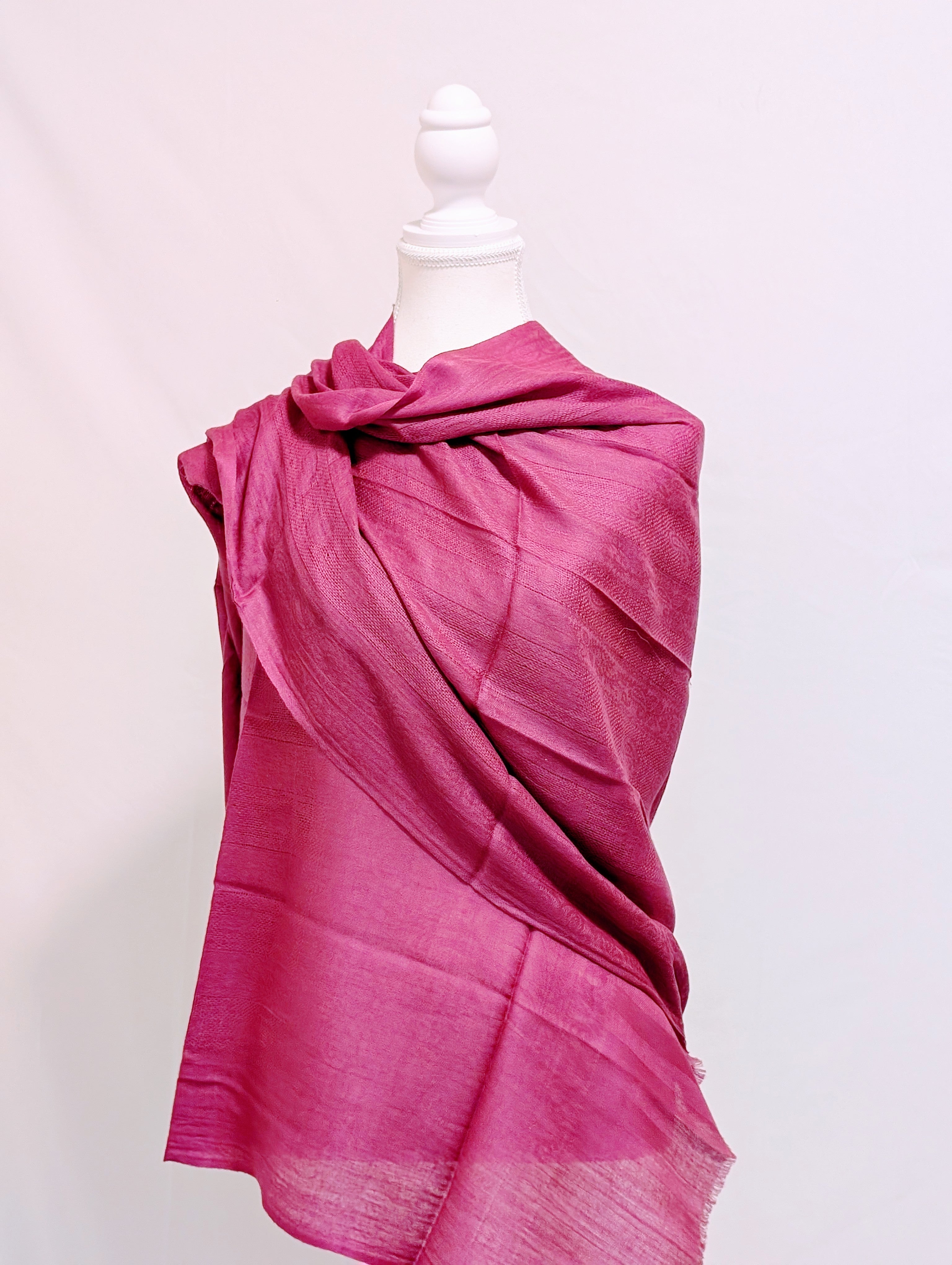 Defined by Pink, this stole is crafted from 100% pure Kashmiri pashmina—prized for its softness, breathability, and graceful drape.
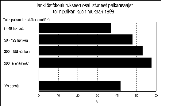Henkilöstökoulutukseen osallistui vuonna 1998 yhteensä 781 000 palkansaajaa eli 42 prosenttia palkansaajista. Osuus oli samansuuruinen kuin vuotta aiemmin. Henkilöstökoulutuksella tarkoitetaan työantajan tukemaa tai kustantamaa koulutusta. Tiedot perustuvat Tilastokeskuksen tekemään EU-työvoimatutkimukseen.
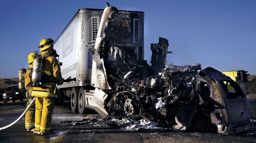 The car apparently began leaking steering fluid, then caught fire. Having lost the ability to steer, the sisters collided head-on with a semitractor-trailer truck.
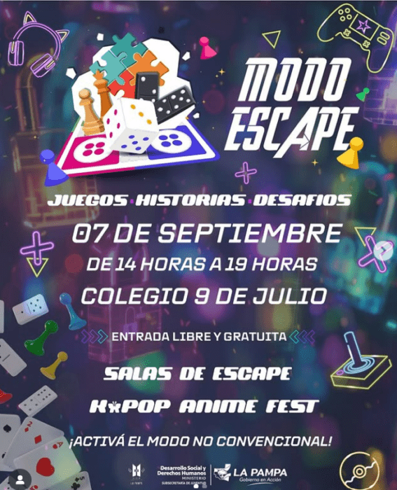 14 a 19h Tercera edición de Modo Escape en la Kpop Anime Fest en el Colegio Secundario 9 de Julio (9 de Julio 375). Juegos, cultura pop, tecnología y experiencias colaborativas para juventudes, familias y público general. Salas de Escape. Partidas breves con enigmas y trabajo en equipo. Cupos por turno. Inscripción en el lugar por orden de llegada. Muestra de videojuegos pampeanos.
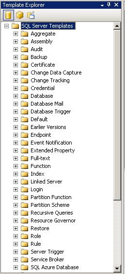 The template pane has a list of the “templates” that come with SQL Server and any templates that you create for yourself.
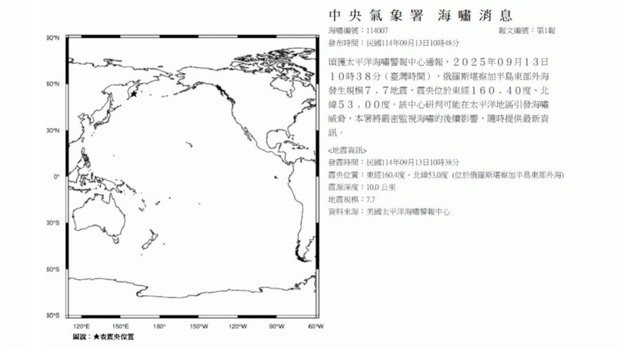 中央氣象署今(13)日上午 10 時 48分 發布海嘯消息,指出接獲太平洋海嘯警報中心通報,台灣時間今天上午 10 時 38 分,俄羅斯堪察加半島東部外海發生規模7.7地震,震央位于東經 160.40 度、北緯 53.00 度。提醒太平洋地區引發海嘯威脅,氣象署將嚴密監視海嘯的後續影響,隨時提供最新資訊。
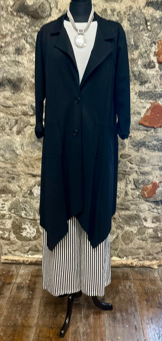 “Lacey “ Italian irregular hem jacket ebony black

▶ **What this task involves**:
Any picture in the material is to be left out, and everything else is to be retyped as is.

▶ **Written solution**:
 Defined by Pink, this stole is crafted from 100% pure Kashmiri pashmina—prized for its softness, breathability, and graceful drape.
Henkilöstökoulutukseen osallistui vuonna 1998 yhteensä 781 000 palkansaajaa eli 42 prosenttia palkansaajista. Osuus oli samansuuruinen kuin vuotta aiemmin. Henkilöstökoulutuksella tarkoitetaan työantajan tukemaa tai kustantamaa koulutusta. Tiedot perustuvat Tilastokeskuksen tekemään EU-työvoimatutkimukseen.
 The car apparently began leaking steering fluid, then caught fire. Having lost the ability to steer, the sisters collided head-on with a semitractor-trailer truck.
 14 a 19h Tercera edición de Modo Escape en la Kpop Anime Fest en el Colegio Secundario 9 de Julio (9 de Julio 375). Juegos, cultura pop, tecnología y experiencias colaborativas para juventudes, familias y público general. Salas de Escape. Partidas breves con enigmas y trabajo en equipo. Cupos por turno. Inscripción en el lugar por orden de llegada. Muestra de videojuegos pampeanos.
 The template pane has a list of the “templates” that come with SQL Server and any templates that you create for yourself.
 中央氣象署今(13)日上午 10 時 48分 發布海嘯消息,指出接獲太平洋海嘯警報中心通報,台灣時間今天上午 10 時 38 分,俄羅斯堪察加半島東部外海發生規模7.7地震,震央位于東經 160.40 度、北緯 53.00 度。提醒太平洋地區引發海嘯威脅,氣象署將嚴密監視海嘯的後續影響,隨時提供最新資訊。
 “Lacey “ Italian irregular hem jacket ebony black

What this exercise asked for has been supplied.